I ordered a soft paws nail grinder. Does anyone have experience with this brand or other similar products? Any advice about how to use the nail grinders?

Thanks!

- Nikki


----------



## krandall (Jun 11, 2009)

I use a normal Dremel grinder. I think they work MUCH better than the "pet" ones. I made some videos for the HF people on trimming feet and nails with the Dremel if it helps:


----------



## mudpuppymama (Mar 24, 2012)

I use a regular Dremel from the hardware store. The pet ones I tried all looked like cheap pieces of junk.


----------



## Yadi (Jan 12, 2020)

Thank you for the videos and tips. I already ordered the pet nail grinder. If it does not work well, I’ll try a dremel from hardware store. I am new to pet nail grinding and I had seen dremels mentioned on the forum. I thought pet nail grinders and Dremels were actually the same thing. Thanks for clearing that up for me ! 😊👍🏽


----------



## EvaE1izabeth (Nov 14, 2017)

Regarding the actual Dremel brand, not just any rotary tool: The pet dremel and the “real” dremel are the same thing in a way, but it’s like the difference between one at the craft store and one from the hardware store. I have a stylus type dremel I love because it’s light and small and I use it all of the time. Just a couple of weeks ago I cut a cord slot in a desk and the little dremel never could have handled that. But, I had to hold the full sized dremel upside down in a cramped space for quite a while and even though it was faster, it was heavy and it was tiring. They each have their place. The “pet dremel” is actually somewhere between the the two as far as specs. I don’t remember how much it cost, but the Dremel brand grinder I bought is pretty good quality, good enough I could probably use it for other things in a pinch. 

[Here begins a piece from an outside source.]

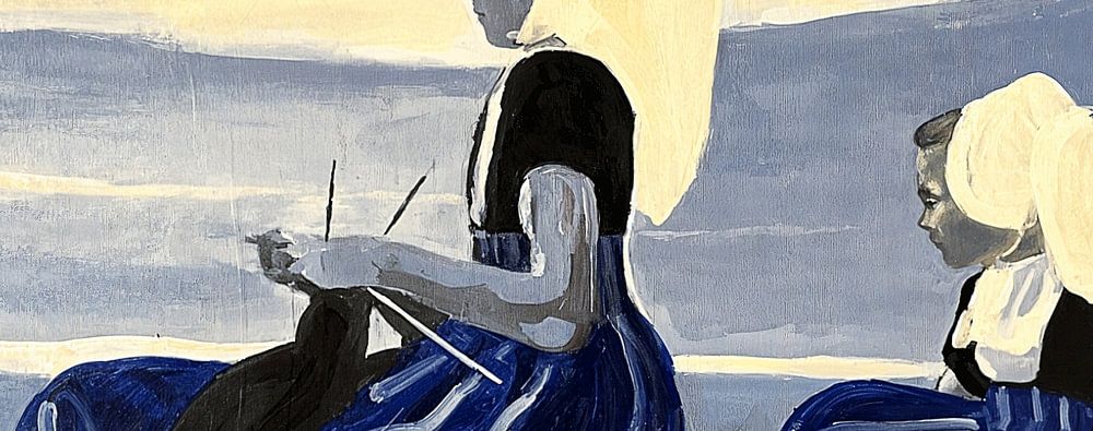 Moderne weergave van twee Zeeuwse meisjes zittend in de duinen. Het originele werk is gemaakt met acryl en olieverf op doek, geïnspireerd door archieffotografie.

If I had thought about it at the time, I would have bought the least expensive, lightest dremel for my puppy, regardless of whether or not it was intended for pets. Dog nail don’t need a powerful rotary tool, and the more powerful it is the louder it is, too. I just ordered the pet version because it was on amazon. 

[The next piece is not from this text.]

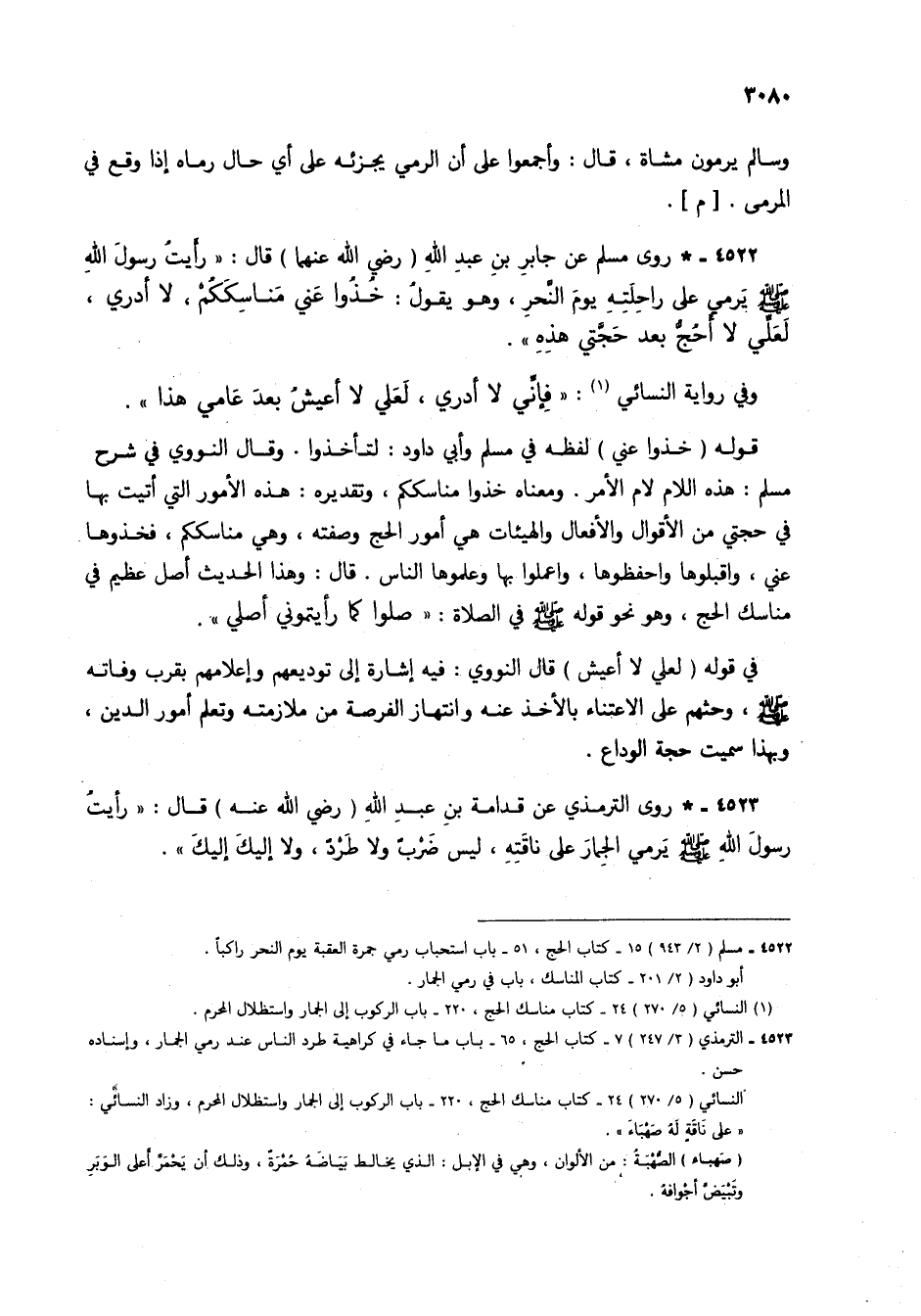 4522 - * روى مسلم عن جابر بن عبد الله (رضي الله عنهما) قال: "رأيتُ رسول الله صلى الله عليه وسلم يرمي على راحلته يوم النحر، وهو يقولُ: خُذوا عني مناسككُمْ، لا أدري، لعلي لا أحُجُّ بعد حجتي هذه".

I prefer a separate dremel for nails, though. I don’t want to go out to the garage to get it and potentially have to change the collet, find the separate bits. It’s probably very unlikely but I’d also hate some kind of cross contamination, like metal shavings ending up in his nails somehow. 

I don’t mean to imply that I spend a lot of time using the dremel on my dog’s nails. I did work on desensitizing my dog to the dremel, but I didn’t do enough to desensitize him to paw handling, which he hates. By the time I’m done grooming, if I did a good job on his paws, it always feels like pushing it to do his nails. I intended to do it myself, but it was easier to pay a couple of dollars extra when I took him to daycare (he used to go once a week and I added nails about every other week). 

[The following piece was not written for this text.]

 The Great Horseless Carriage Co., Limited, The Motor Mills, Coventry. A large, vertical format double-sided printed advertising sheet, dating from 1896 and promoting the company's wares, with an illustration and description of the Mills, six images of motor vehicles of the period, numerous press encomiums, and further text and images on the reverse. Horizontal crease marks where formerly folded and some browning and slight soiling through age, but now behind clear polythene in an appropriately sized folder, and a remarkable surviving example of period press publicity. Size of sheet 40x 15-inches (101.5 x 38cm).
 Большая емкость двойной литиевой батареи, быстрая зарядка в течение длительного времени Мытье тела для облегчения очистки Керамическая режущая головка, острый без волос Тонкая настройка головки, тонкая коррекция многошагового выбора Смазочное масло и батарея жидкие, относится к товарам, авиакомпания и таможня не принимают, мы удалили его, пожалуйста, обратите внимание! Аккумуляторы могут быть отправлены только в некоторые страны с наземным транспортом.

My advice is to do a lot of paw handling! Also, spend some time helping him get used to the sound of the dremel and handling his paws before you touch him with it. There were a couple of YouTube videos i watched that were helpful, on introducing a puppy to a dremel.


----------



## krandall (Jun 11, 2009)

EvaE1izabeth said:


> I prefer a separate dremel for nails, though. I don't want to go out to the garage to get it and potentially have to change the collet, find the separate bits. It's probably very unlikely but I'd also hate some kind of cross contamination, like metal shavings ending up in his nails somehow.


I agree. I hardly ever use my Dremel for anything BUT nails, so for the rare occasion that I DO use it for something else, I don't mind changing out the bit. But that might be once in 3 years. If I used it with ANY regularity for something else, I'd have a separate one. They are not very expensive.

Oh, And I MUCH prefer the battery-operated ones, and ALWAY buy at least one preplacement battery, so that I can have one on the charger and one on the Dremel. Especially with 3 to do, It seems like I'm always running out in the middle of doing nails!

I have a friend with one with a light built into the end, and I would LOVE to find one like that... But I haven't been able to find one!


----------



## Mama Mills (Jul 5, 2020)

krandall said:


> I use a normal Dremel grinder. I think they work MUCH better than the "pet" ones. I made some videos for the HF people on trimming feet and nails with the Dremel if it helps:


Thanks for the great videos Karen!


----------



## ShamaMama (Jul 27, 2015)

HOW MANY TIMES must I compose a reply and try to post it only to find out I have been logged out and lost all that I typed before I remember to ALWAYS copy/paste into Word before attempting to post (or compose in Word and then copy/paste to here)? HOW MANY?

Anyway, I watched the first video then got distracted by the ScrapScape video that popped up. I enjoyed watching that video almost as much as I enjoy watching my fish DVD ... :wink2: I liked how you could speed up the video while keeping the audio at regular speed. Where did you get your audio?

Back to the dremel videos now (after carefully posting this without losing it first!)

Now I'm editing to add my question for Karen: You don't need to file the nails of the dew claws after clipping them? When I was a kid, we would file the nails of our doberman after clipping them.

Maybe we'll try doing the nails of our next Havanese (which we are getting no time soon!)

Thanks for the educational videos, Karen!


----------



## krandall (Jun 11, 2009)

ShamaMama said:


> HOW MANY TIMES must I compose a reply and try to post it only to find out I have been logged out and lost all that I typed before I remember to ALWAYS copy/paste into Word before attempting to post (or compose in Word and then copy/paste to here)? HOW MANY?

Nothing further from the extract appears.